対して、近年、企業経営について短期的視野での傾向が気になる。単年度、場合によっては半年や四半期での成果を求められることが多い。もちろんそれを否定するわけではないが、複雑な思いを持つのは筆者だけではないだろう。そんな中、今回の再開発報道で、長期的視点を拠り所としている在阪デベロッパーの存在を再認識し、心意気を感じさせてもらった。

前回コラムにも書いた10年竣工の梅田阪急ビル(大阪梅田ツインタワーズ・ノース)、同じく22年春竣工予定の大阪梅田ツインタワーズ・サウス、そして30年以降の今回の再開発プロジェクト。一方、2024年以降、うめきた2期などそれ以外にも数々の開発が予定されている。これらが一体となる大阪梅田地区。リーマンショック、コロナ禍など数々の試練を乗り越えて都心の地図が変貌していく。はたして30年以降の未来の地図はどうなっているだろうか。

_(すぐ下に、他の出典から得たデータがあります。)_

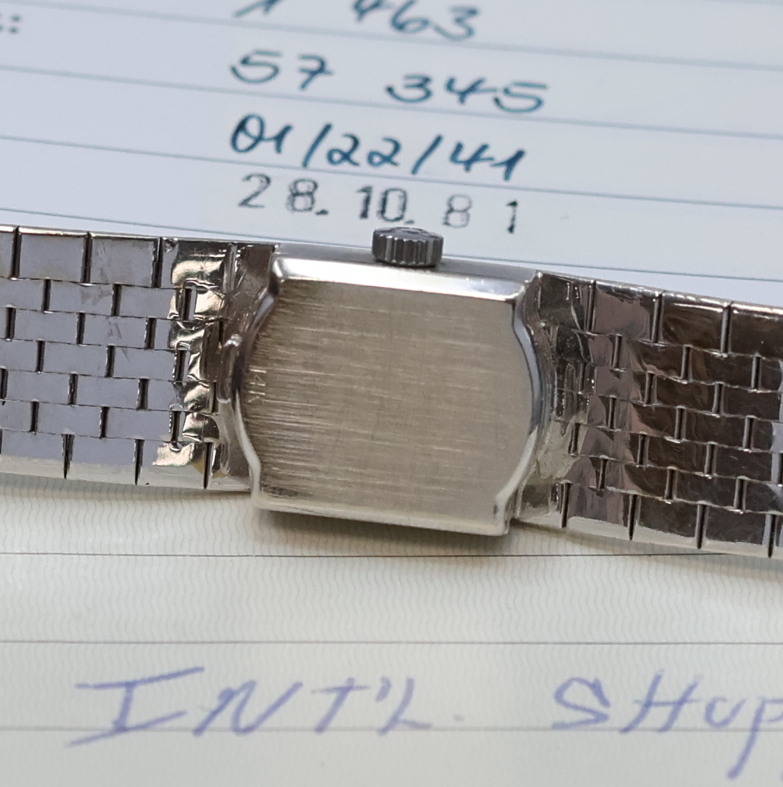 orig. Goldband, Boden aufgedr., silb. Zifferbl. m. aufges. Std.-Ind., geschw. Zeiger,

今回、建替えられる「阪急ターミナルビル」というワードは終着駅を連想させる。線路の行きつく先には車止めが見えるそんな景色。ただ、振り返って見ると終着ではなく、折り返して再出発することがわかる。決して終わりではない、リスタートの場所といってもいいのではないだろうか。

■おまけ

阪急電車について思い出すエピソードがある。

ある日、子供から「阪急電車はなぜあんな色をしているの?」と聞かれた。突然の質問で返答に窮し、後日、阪急グループの人から話を聞いた。

「阪急マルーン」という独特なエンジ色を使っていること。塗装することは維持管理コストがかかる反面、継続的に使用することで伝統やブランドを守る効果もあること。その結果、地域の人たちに親しまれていること。ただし、元々の目的は、車体の腐食を抑えるためというオチがあったのだが。

何十年も見続け馴染みがあるその色について疑問など少しもなかったが、そんなピュアな質問をされた日が今は懐かしい。印象深いのはその色を長く使い続けていること。そして、それが人々に根付いていること。マルーン色が目に入ると、エピソードとともに阪急電車がふと頭に浮かぶ。それらもまちの風景の一つなのだ。

次の、さらに次の世代にもそんな話を伝えていきたいものだ。

■略歴■

不動産鑑定士トシこと深澤俊男(ふかざわ・としお)。不動産業界に30年以上。CBRE総研大阪支店長を経て、深澤俊男不動産鑑定士事務所代表、株式会社アークス不動産コンサルティング代表取締役。「物言わぬ不動産と不動産マーケットを語る専門家」として、独自視点の調査コンサル・講演活動などを行う。独立後12年間の講演・講義回数は約300回。趣味は旅行。全国47都道府県に足跡がある、自称「ほっつきWalker」。